# Early Benchmarking Notebook (Reproducible)

**Purpose**: Minimal run with 2–3 docs via /v1/parse → capture text recall proxies, schema-pass result, and which taxonomy bucket errors fell into.

**Features**:
- Record config/seed and environment hash for re-runs
- Capture text recall proxies
- Schema-pass validation
- Error taxonomy classification
- Reproducible results


In [None]:
# Import required modules
import sys
import os
from pathlib import Path

# Add bench directory to path
sys.path.append('/app/bench')

# Import our benchmark class
from early_benchmark import EarlyBenchmark

print("Imports successful")


## 1. Initialize Benchmark

Create benchmark instance with default configuration:
- **Test Documents**: 3 representative invoices
- **Engines**: pdfplumber, pdfminer  
- **Seed**: 42 (for reproducibility)
- **Version**: v1.0


In [None]:
# Create benchmark instance
benchmark = EarlyBenchmark()

print(f"Run ID: {benchmark.run_id}")
print(f"Environment Hash: {benchmark.environment_hash}")
print(f"PDF Directory: {benchmark.pdf_dir}")
print(f"Ground Truth: {benchmark.gt_csv}")

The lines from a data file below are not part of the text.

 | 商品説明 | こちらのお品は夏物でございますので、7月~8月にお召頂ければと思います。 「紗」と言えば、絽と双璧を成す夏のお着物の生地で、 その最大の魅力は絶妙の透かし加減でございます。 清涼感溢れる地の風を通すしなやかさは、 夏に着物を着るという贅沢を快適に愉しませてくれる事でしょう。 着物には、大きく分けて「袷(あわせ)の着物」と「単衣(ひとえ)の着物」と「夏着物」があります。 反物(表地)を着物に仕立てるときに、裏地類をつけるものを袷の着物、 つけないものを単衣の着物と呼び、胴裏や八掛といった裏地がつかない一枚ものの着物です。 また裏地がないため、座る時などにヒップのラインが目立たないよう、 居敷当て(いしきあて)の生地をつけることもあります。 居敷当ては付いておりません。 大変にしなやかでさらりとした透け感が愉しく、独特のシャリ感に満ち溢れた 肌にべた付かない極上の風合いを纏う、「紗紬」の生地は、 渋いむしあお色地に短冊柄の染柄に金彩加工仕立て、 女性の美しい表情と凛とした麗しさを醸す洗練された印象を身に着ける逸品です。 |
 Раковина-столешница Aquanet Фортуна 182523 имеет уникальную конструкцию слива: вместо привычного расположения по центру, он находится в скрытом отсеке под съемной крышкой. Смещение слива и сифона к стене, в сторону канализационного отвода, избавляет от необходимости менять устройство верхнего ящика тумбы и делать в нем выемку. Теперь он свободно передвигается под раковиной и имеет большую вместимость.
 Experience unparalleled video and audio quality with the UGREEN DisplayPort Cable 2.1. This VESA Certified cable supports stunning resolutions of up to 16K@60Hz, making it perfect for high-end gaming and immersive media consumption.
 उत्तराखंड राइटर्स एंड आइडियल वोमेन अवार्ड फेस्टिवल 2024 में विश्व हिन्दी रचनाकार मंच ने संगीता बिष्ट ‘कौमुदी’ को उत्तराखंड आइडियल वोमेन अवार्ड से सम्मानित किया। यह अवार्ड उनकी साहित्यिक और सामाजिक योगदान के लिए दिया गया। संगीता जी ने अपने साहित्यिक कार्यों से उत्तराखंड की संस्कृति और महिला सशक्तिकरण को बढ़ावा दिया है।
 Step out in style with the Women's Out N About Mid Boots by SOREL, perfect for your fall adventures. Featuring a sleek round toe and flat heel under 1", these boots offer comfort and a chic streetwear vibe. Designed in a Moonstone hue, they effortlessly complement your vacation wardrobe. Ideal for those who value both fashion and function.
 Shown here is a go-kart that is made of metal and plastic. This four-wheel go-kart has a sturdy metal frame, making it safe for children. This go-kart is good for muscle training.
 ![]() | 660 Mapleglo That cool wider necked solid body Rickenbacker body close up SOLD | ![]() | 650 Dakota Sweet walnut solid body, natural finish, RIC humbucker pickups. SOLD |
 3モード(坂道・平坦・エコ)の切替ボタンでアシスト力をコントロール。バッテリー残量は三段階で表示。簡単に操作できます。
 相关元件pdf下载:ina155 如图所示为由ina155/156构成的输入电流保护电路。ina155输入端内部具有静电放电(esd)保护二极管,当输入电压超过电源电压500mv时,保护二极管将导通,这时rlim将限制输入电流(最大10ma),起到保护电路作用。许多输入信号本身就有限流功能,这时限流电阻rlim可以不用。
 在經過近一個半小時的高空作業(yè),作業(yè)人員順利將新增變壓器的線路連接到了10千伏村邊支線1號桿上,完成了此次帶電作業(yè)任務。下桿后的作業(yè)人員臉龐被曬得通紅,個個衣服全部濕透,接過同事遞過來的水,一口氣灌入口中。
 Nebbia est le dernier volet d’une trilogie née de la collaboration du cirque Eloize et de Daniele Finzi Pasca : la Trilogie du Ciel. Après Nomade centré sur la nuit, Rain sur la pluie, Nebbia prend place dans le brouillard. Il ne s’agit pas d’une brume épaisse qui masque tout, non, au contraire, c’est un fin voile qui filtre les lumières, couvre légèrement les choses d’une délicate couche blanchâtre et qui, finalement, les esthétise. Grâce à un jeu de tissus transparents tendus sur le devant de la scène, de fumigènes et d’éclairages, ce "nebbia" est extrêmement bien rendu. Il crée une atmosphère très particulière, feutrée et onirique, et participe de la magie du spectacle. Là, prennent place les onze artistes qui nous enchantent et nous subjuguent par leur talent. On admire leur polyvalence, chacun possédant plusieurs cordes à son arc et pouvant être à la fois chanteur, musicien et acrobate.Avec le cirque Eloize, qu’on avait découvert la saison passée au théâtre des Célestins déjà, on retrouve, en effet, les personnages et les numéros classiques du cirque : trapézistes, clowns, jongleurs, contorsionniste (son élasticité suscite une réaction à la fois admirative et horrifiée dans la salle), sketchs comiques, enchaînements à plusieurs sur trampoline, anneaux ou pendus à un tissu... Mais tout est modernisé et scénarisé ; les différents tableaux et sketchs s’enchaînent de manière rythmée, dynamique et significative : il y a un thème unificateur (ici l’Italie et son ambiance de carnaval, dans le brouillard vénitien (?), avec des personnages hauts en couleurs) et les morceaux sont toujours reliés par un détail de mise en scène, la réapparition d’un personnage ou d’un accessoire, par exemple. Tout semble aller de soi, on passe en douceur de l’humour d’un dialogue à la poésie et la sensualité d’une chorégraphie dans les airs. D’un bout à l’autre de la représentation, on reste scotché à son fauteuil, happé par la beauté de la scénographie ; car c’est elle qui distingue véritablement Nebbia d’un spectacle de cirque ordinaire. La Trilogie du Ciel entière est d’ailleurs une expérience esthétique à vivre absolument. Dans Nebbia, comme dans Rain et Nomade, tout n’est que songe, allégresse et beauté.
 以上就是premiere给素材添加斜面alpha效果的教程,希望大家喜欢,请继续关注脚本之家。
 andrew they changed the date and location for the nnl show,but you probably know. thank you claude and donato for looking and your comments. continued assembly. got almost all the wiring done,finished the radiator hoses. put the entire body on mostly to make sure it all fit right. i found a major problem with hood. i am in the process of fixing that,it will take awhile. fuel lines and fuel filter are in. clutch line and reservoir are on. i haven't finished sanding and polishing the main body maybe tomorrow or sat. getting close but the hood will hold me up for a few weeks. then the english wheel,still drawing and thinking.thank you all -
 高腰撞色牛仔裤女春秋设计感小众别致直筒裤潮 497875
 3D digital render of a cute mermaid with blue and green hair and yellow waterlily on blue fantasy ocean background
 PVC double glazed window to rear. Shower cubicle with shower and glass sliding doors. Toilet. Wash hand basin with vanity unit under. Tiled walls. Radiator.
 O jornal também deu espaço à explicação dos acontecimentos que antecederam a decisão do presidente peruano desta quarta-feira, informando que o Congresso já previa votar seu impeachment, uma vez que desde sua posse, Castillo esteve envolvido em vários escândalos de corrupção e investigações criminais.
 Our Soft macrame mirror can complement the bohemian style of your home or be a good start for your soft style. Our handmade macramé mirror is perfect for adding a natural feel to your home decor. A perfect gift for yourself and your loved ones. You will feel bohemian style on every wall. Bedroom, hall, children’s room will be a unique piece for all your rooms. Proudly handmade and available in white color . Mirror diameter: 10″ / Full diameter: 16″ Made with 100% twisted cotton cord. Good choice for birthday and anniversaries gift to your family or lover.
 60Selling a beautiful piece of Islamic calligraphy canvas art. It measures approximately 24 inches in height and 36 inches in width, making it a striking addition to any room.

## 2. Run Minimal Benchmark

Execute benchmark with 2-3 documents and capture:
- **Text Recall Proxies**: Field extraction accuracy
- **Schema Pass Results**: Validation success/failure  
- **Error Taxonomy Buckets**: Classification of errors


In [None]:
# Run the benchmark
results = benchmark.run_minimal_benchmark()
benchmark.results = results

print("Benchmark completed!")


## 3. Results Summary

View benchmark results including:
- Success rates by engine
- Schema pass rates
- Text recall proxies
- Error taxonomy breakdown


In [None]:
# Print detailed summary
benchmark.print_summary()


## 4. Save Results

Save benchmark results for reproducibility and compliance tracking.


In [None]:
# Save results
output_file = benchmark.save_results()

print(f"Results saved to: {output_file}")
print(f"Run ID: {benchmark.run_id}")
print(f"Environment Hash: {benchmark.environment_hash}")